====== Dataset records ======

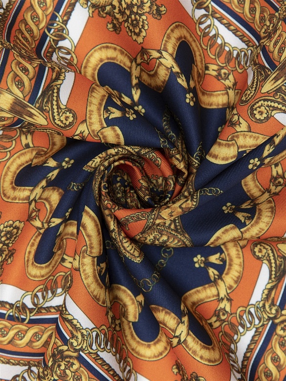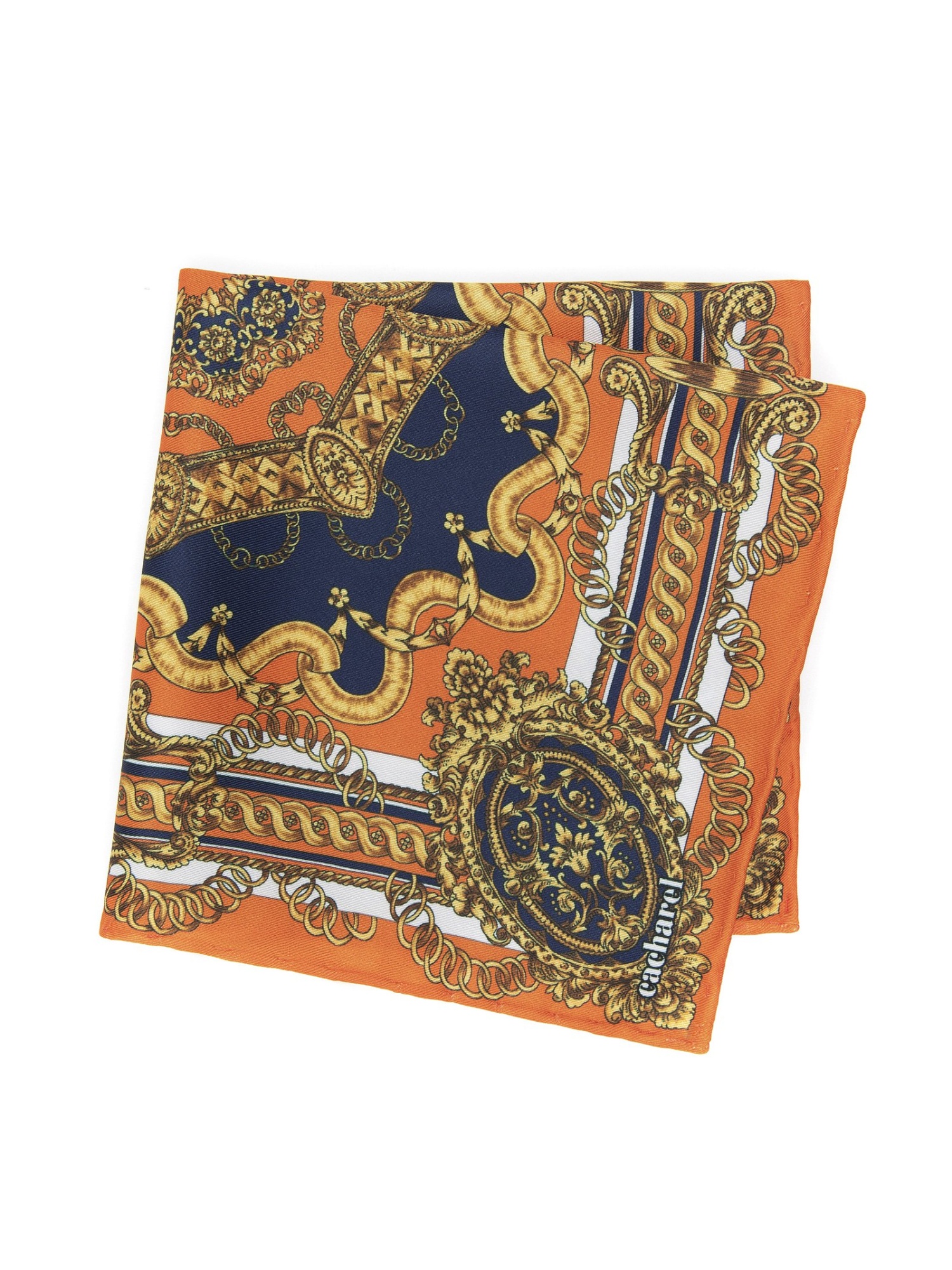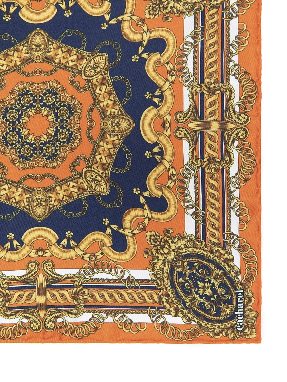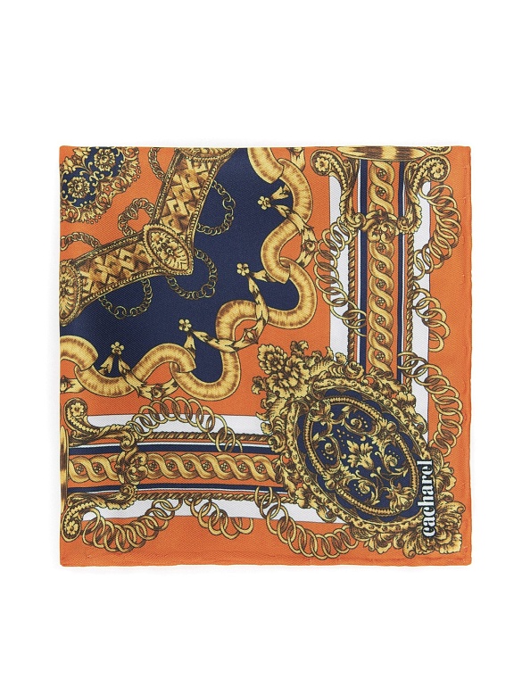 Платок нагрудный с орнаментом Cacharel — декоративный орнамент с мотивами цепей и классических элементов формирует выразительный внешний вид изделия и подчёркивает его характер.
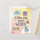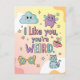 A charming and super-cute design featuring the phrase "I like you, you're weird" surrounded by adorable doodle elements. The soft pastel background complements the whimsical characters, including a happy cloud, a purple winged monster, a bowtie-wearing cat, a heart teacup, and stylish star-filled glasses. Perfect for expressing affection to a quirky friend, partner, or family member.
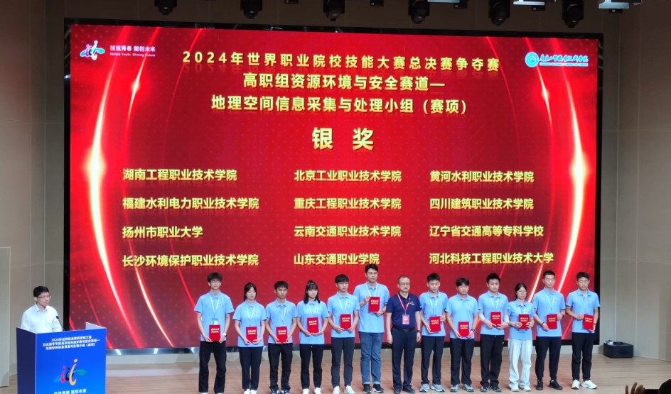 10月25日-28日,2024年世界职业院校技能大赛总决赛争夺赛高职组资源环境与安全赛道地理空间信息采集与处理小组(赛项)在广东工贸职业技术学院成功举办。来自30个省、自治区的62支参赛队伍激烈角逐,365官网建筑工程系学生欧韶康、吴良宇、曹森、张航(指导教师:赵栋、赵玲)组队参赛,最终获得银奖。
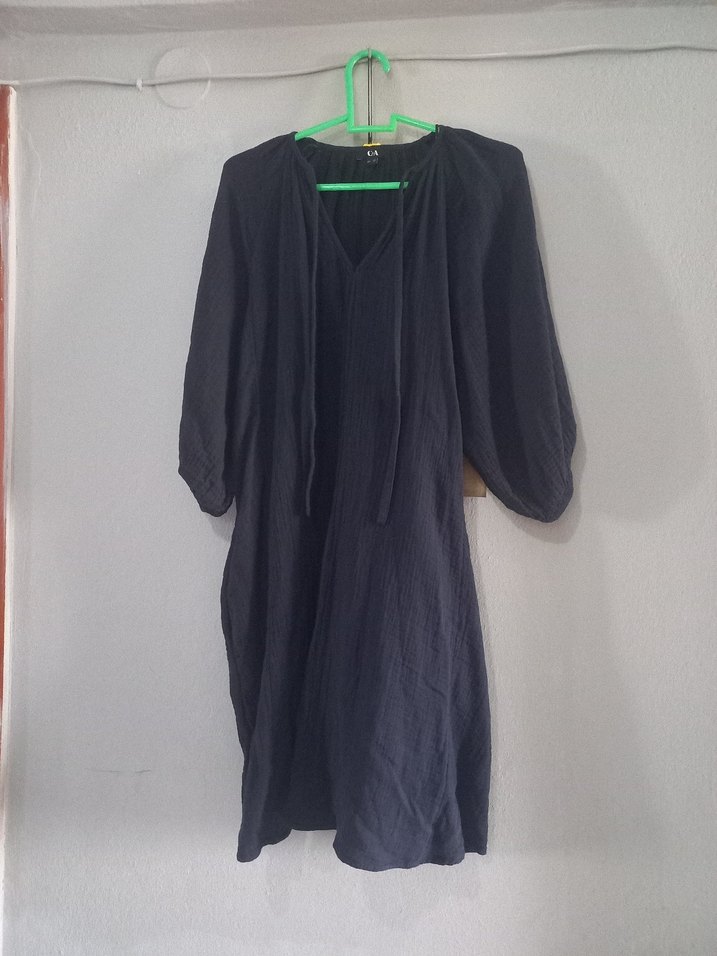 Siyah renkli, bol kesim ve drapeli tasarıma sahip . V yakalı, uzun kollu ve midi boyda, rahat keten kumaştan üretilmiştir.
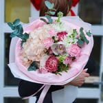 Eucalipto - 2 pz Ortensia - 1 pz Crisantemo - 1 pz Pistacia - 1 pz Orchidea - 1 pz garofano - 2 pz matthiola - 2 pz garofano spray - 2 pz
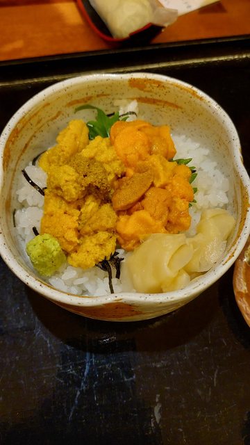 晚餐找到一家有停車場的料亭,發現雙色海膽蓋飯比三角市場裡便宜。
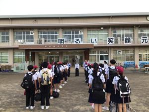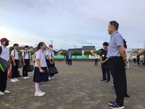 子供たちは元気に登校し、出発式を行った後バスに乗り込みました。
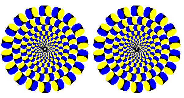 This Demonstration shows an optical illusion produced by circles in a stationary image appearing to spin. After manipulating several attributes such as color and number of layers, you will find that the illusion is most effective with highly contrasting colors and a large number of layers. In addition, it is necessary to display two figures side by side so that the viewer's gaze switches back and forth between them, giving the illusion of spinning in the viewer's peripheral vision.
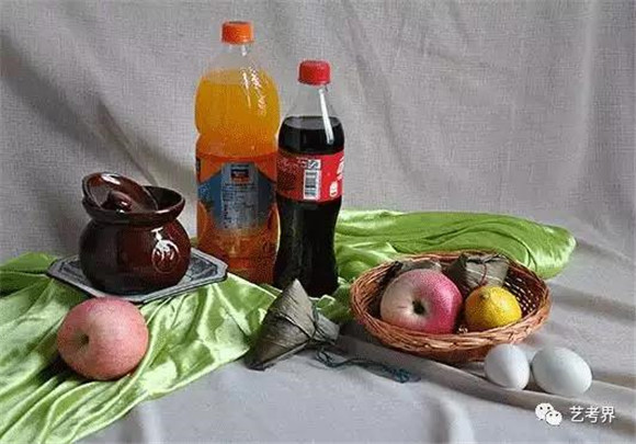 三、模拟写生内容:一瓶橙汁,一瓶可乐,一个带盖的陶罐Q一个瓷盘,一个柳~盘Q两个苹果,三个_子Q一个柠檬,两个鸭蛋Q一块绿色衬布、一块浅色衬布?见图片小?
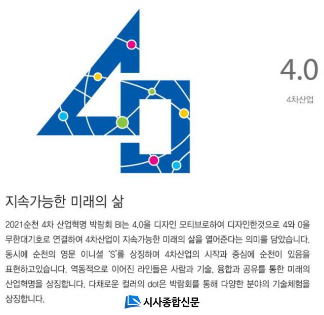 ¿¬°áµÈ 4¿Í 0Àº 4Â÷»ê¾÷Çõ¸í°ú µ¿½Ã¿¡ ¼øÃµÀÇ ¿µ¹® À̴ϼÈÀÎ ¡®S¡¯¸¦ »ó¡Çϸç, 4Â÷»ê¾÷Çõ¸íÀÇ Á߽ɿ¡ ¼øÃµÀÌ ÀÖÀ½À» Ç¥ÇöÇß´Ù. ¿ªµ¿ÀûÀ¸·Î À̾îÁø ¼±Àº »ç¶÷°ú ±â¼ú, À¶ÇÕ°ú °øÀ¯ÀÇ ¹Ì·¡¸¦ »ó¡Çϰí, ´Ùä·Î¿î »ö»óÀÇ Á¡µéÀº ¹Ú¶÷ȸ¿¡¼ ´Ù¾çÇÑ ºÐ¾ßÀÇ ±â¼ú°ú üÇèÀ» ÆîÃÄÁú °ÍÀ» Ç¥ÇöÇÑ °ÍÀÌ´Ù.
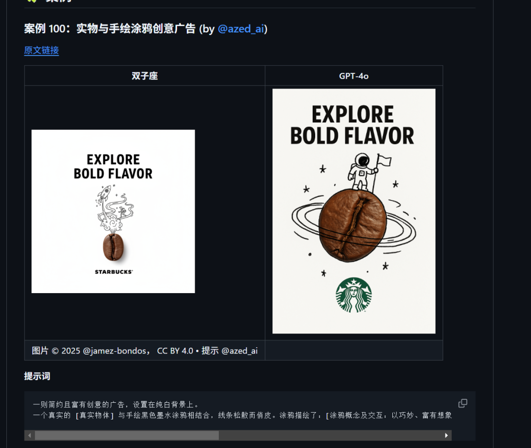 其实你会发现。nano-banana比4o做得更好。倒也可以快速对比一下,挑选有趣的nano-banana案列,当然这个仓库打都使用的是4o以前的案例。nano-banana这个模型有一些独特的案列没集成进去。
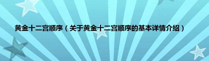 本文关于黄金十二宫顺序的基本详情介绍就讲解完毕,希望对大家有所帮助。
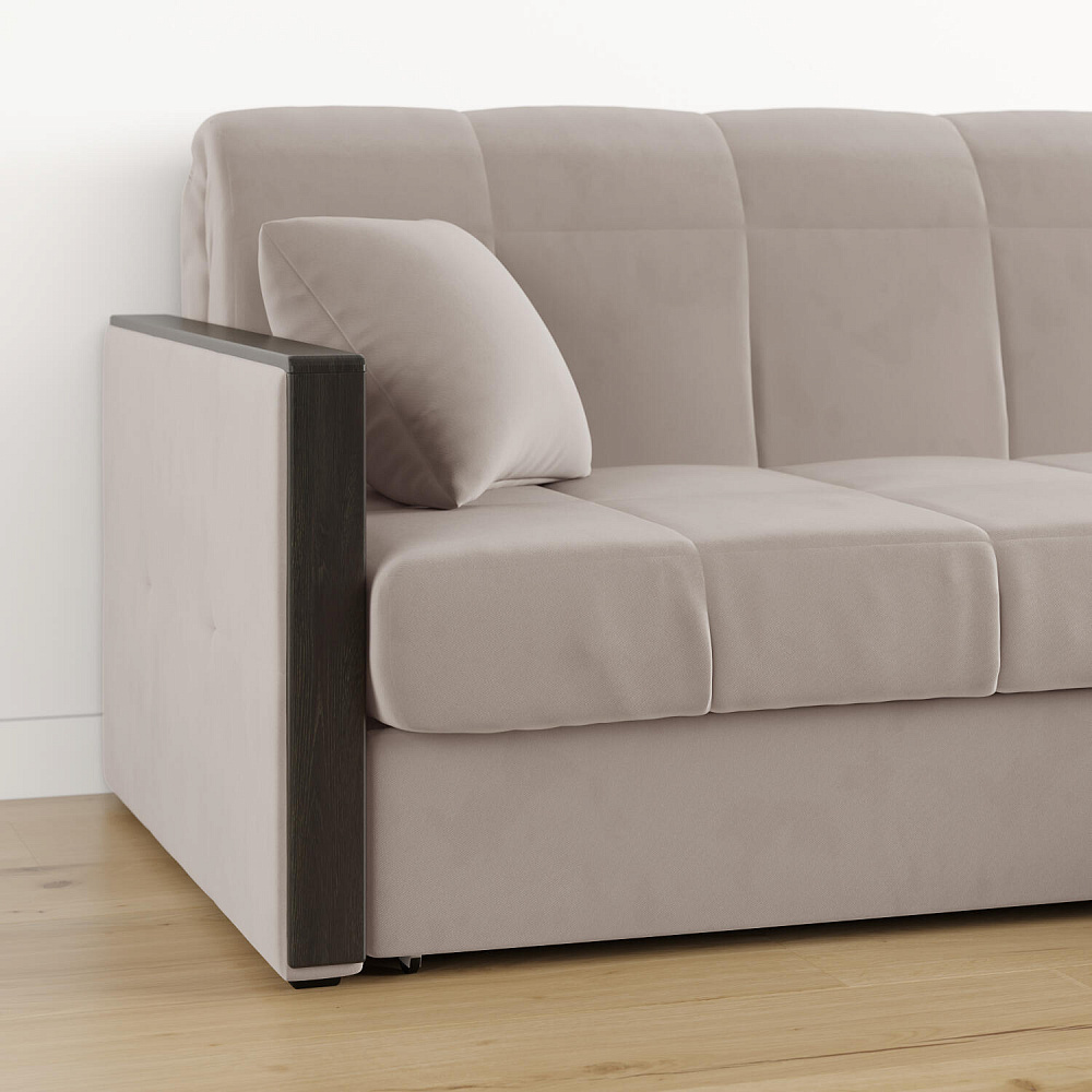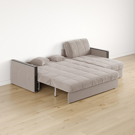 Механизм трансформации «Аккордеон». Чтобы разложить диван, необходимо приподнять сиденье и слегка потянуть на себя, далее диван разложится сам. Поверхность спального места ровная, без петель и швов, поэтому сон будет приятным и комфортным. Прорезиненные ролики защитят напольное покрытие от истирания.
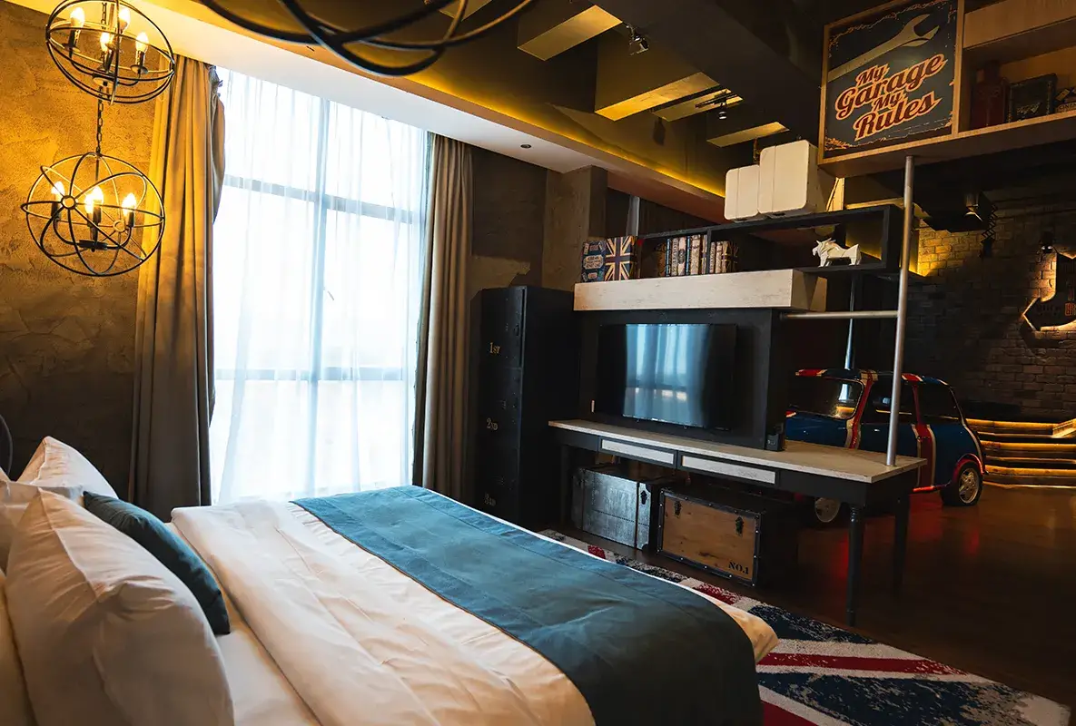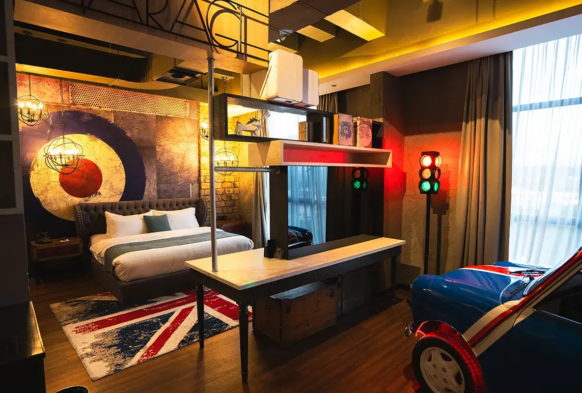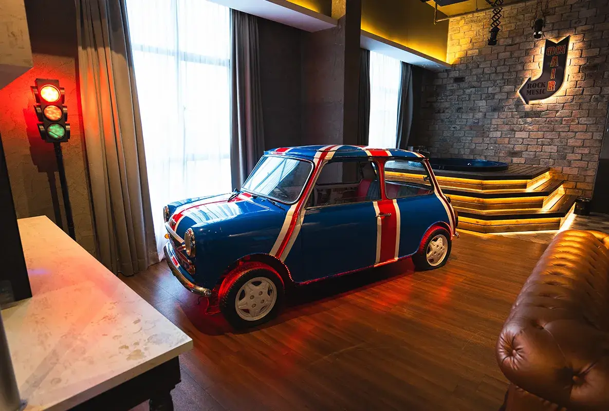Experience a truly one-of-a-kind stay in our Mini Cooper–themed boutique suite, where bold design meets playful luxury. Inspired by the iconic car celebrated for its distinctive style and spirited performance, this themed room captures the essence of the Mini Cooper — compact, charismatic, and full of personality.
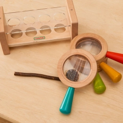 Set je opremljen drvenim stalkom s prozirnim poklopcem koji olakšava pohranu i štiti povećala. Djeca se potiču na znatiželju i učenje kroz igru, što doprinosi razvoju opažačkih vještina.
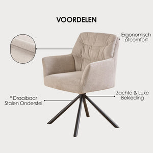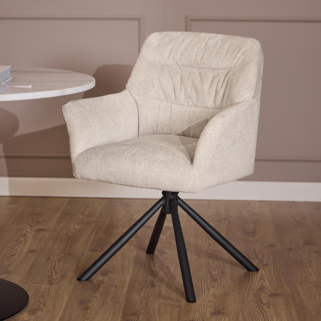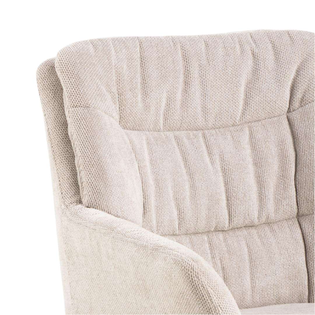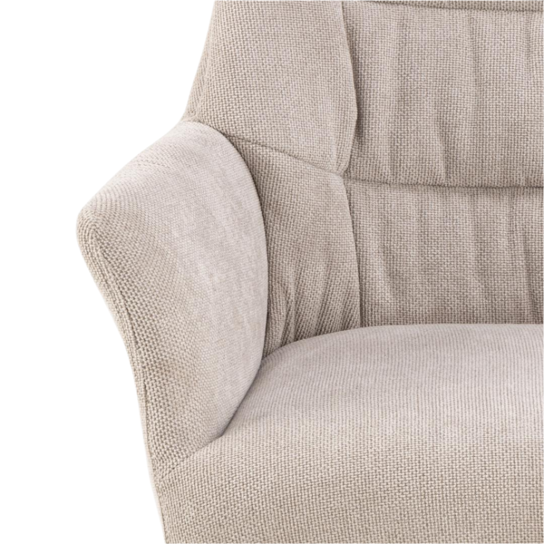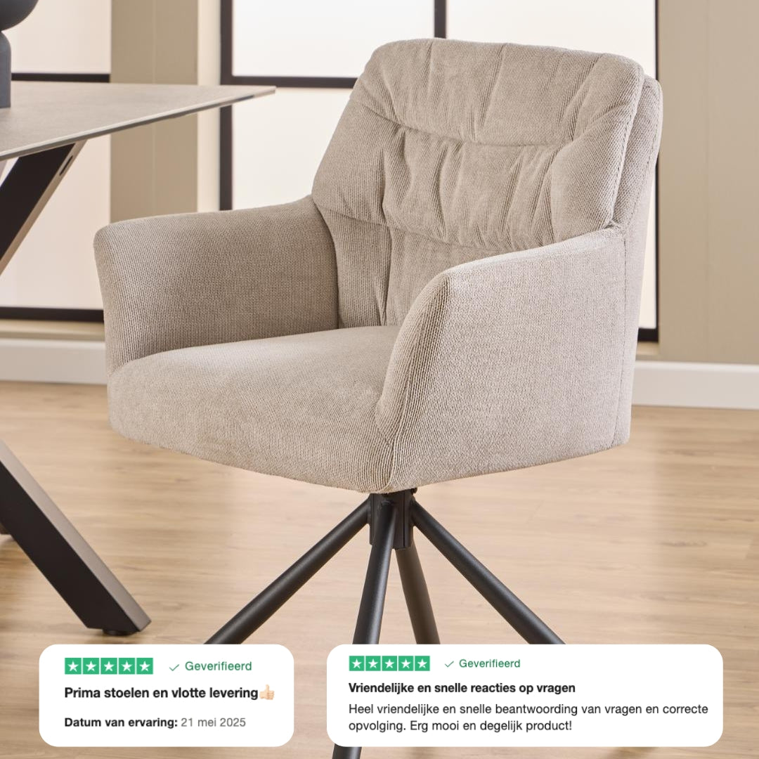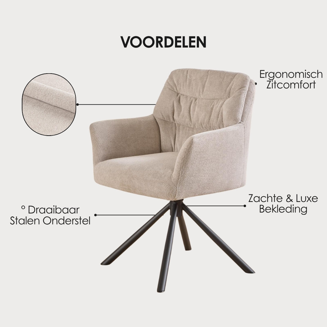 Met zijn zachte, hoogwaardige bekleding, strakke belijning en slimme draaivoet brengt Noah verfijnde elegantie en optimaal zitgemak samen — elke dag opnieuw.

======

# [What you should do]
Only the lines from the top of the records through the line with "子供たちは元気に登校し、出発式を行った後バスに乗り込みました。" belong in the copy; write them out exactly, leaving out pictures.

# [Answer section]
 Платок нагрудный с орнаментом Cacharel — декоративный орнамент с мотивами цепей и классических элементов формирует выразительный внешний вид изделия и подчёркивает его характер.
 A charming and super-cute design featuring the phrase "I like you, you're weird" surrounded by adorable doodle elements. The soft pastel background complements the whimsical characters, including a happy cloud, a purple winged monster, a bowtie-wearing cat, a heart teacup, and stylish star-filled glasses. Perfect for expressing affection to a quirky friend, partner, or family member.
 10月25日-28日,2024年世界职业院校技能大赛总决赛争夺赛高职组资源环境与安全赛道地理空间信息采集与处理小组(赛项)在广东工贸职业技术学院成功举办。来自30个省、自治区的62支参赛队伍激烈角逐,365官网建筑工程系学生欧韶康、吴良宇、曹森、张航(指导教师:赵栋、赵玲)组队参赛,最终获得银奖。
 Siyah renkli, bol kesim ve drapeli tasarıma sahip . V yakalı, uzun kollu ve midi boyda, rahat keten kumaştan üretilmiştir.
 Eucalipto - 2 pz Ortensia - 1 pz Crisantemo - 1 pz Pistacia - 1 pz Orchidea - 1 pz garofano - 2 pz matthiola - 2 pz garofano spray - 2 pz
 晚餐找到一家有停車場的料亭,發現雙色海膽蓋飯比三角市場裡便宜。
 子供たちは元気に登校し、出発式を行った後バスに乗り込みました。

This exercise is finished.